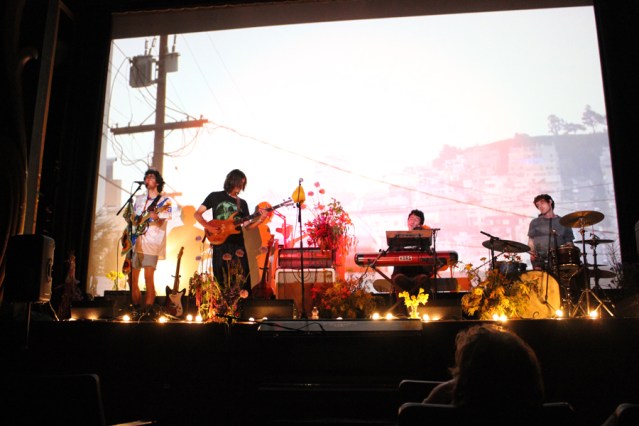 An orange spotlight beams on the theater screen. Instruments line the narrow stage, framed by a delicate arrangement of flowers. Groups of friends enter the theater and fill the well-worn velvet seats. The City feels impossibly small.
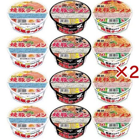 | 焼豚ラーメン/1食94g×4個、焼豚ラーメン黒 熊本とんこつ/1食85g×4個、焼豚ラーメン 長浜とんこつ/1食92g×4個 計3種12個 |
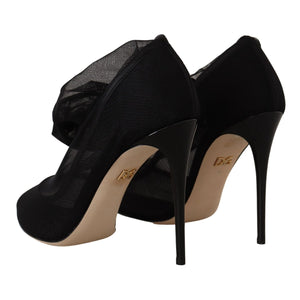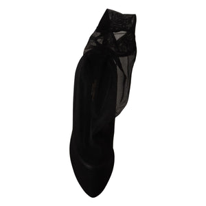 Dolce & Gabbana Black Stretch Tulle Stretch Boots Shoes
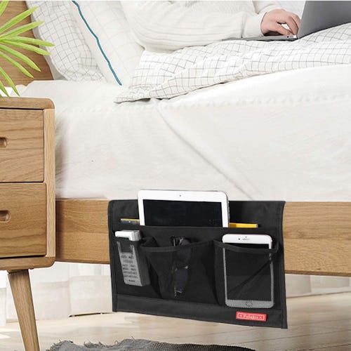 Keep your phone, tablet, and remotes nearby with this bedside caddy. The Oxford cloth and leather organizer is designed with four pockets and an inserting board you can place underneath your mattress to keep it secure. You can also use the caddy on your sofa or arm chair.
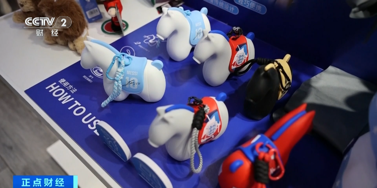 浙江义乌某体育用品门店负责人 骆添乐:我们拥有8个顶级国家队以及8个超级豪门俱乐部的全品类授权,例如冰箱贴、胸章、袖扣、徽章这些周边产品、纪念品,还有毛绒玩具,我们都有在开发。
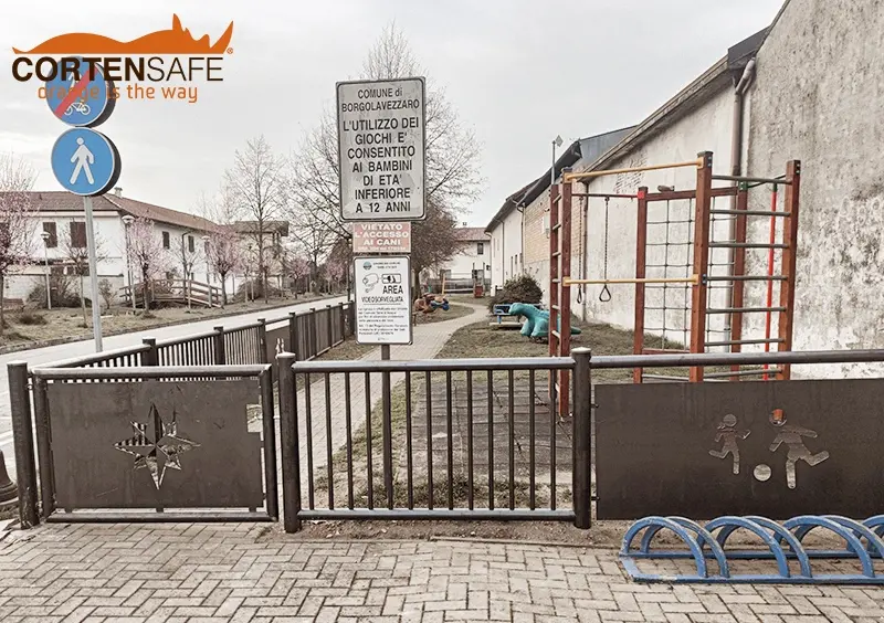 „Der Cortenstahlzaun“, erzählt uns Architekt Leonardo Bartoli, Leiter des technischen Bereichs der Stadtverwaltung, „wurde entlang einer Rampe installiert, die von einem der Hauptparkplätze zu den mittelalterlichen Mauern des historischen Zentrums führt.“
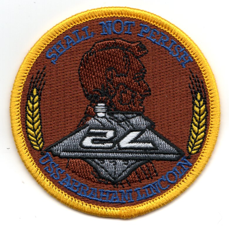 The keel for the carrier named in honor of America’s 16th President was laid on 3 November 1984, launched on 13 February 1988, and commissioned on 11 November 1989. Previously, the Fleet Ballistic Missile Submarine (SSBN) 602 carried the name. She deployed on a WestPac/Arabian Gulf deployment on 11 June 1998 for her regularly scheduled rotation, then returned on 7 December 1998 to her home port of Everett, WA. This is the medium-sized version of the ship patch and does not come with velcro attached.
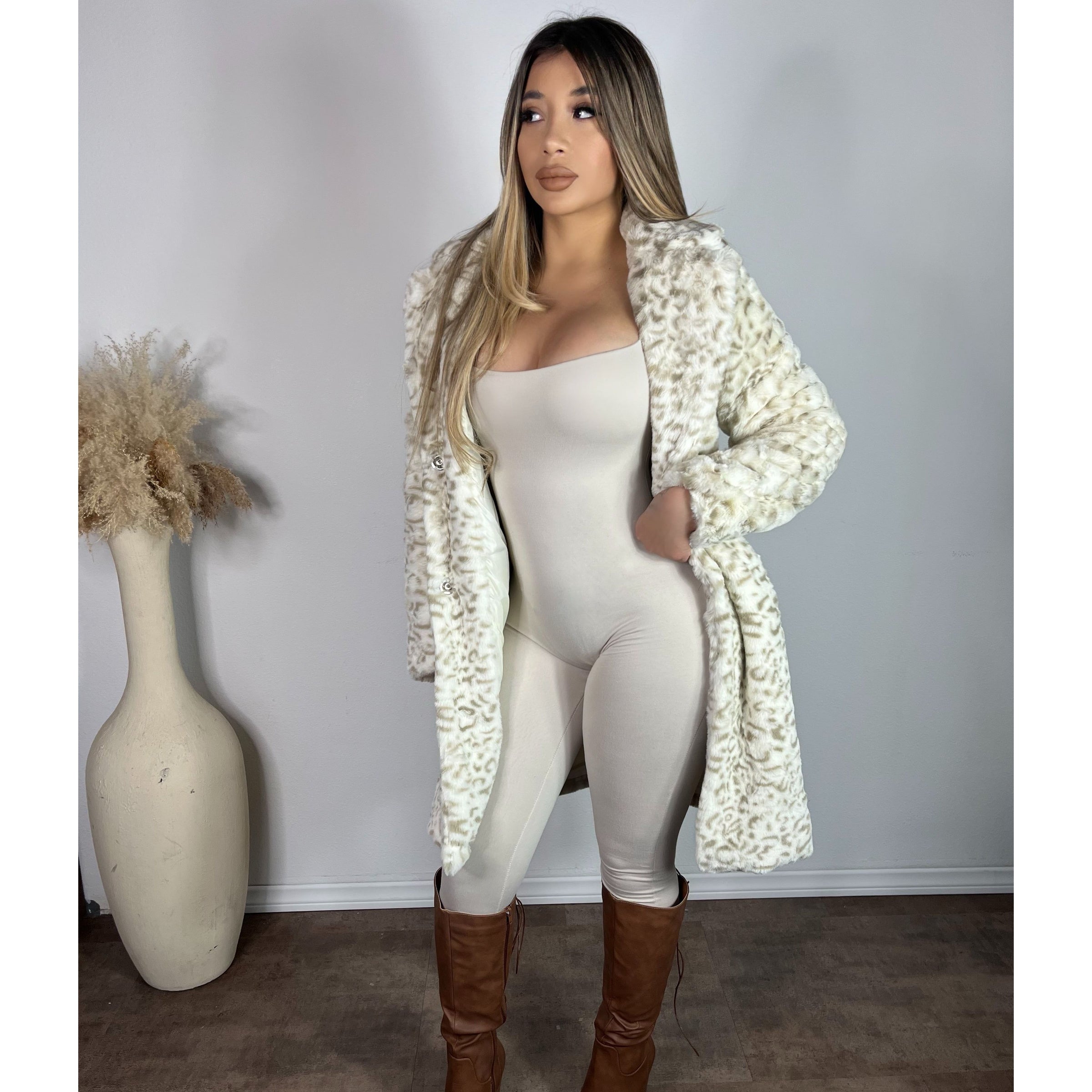 Selena Leopard Coat (White/Leopard)

______

▶ **Exercise requirements**
From the line that contains "The keel for" through the last line of the entries, transcribe every line exactly, leaving out the pictures.

▶ **Answer for the task**
 The keel for the carrier named in honor of America’s 16th President was laid on 3 November 1984, launched on 13 February 1988, and commissioned on 11 November 1989. Previously, the Fleet Ballistic Missile Submarine (SSBN) 602 carried the name. She deployed on a WestPac/Arabian Gulf deployment on 11 June 1998 for her regularly scheduled rotation, then returned on 7 December 1998 to her home port of Everett, WA. This is the medium-sized version of the ship patch and does not come with velcro attached.
 Selena Leopard Coat (White/Leopard)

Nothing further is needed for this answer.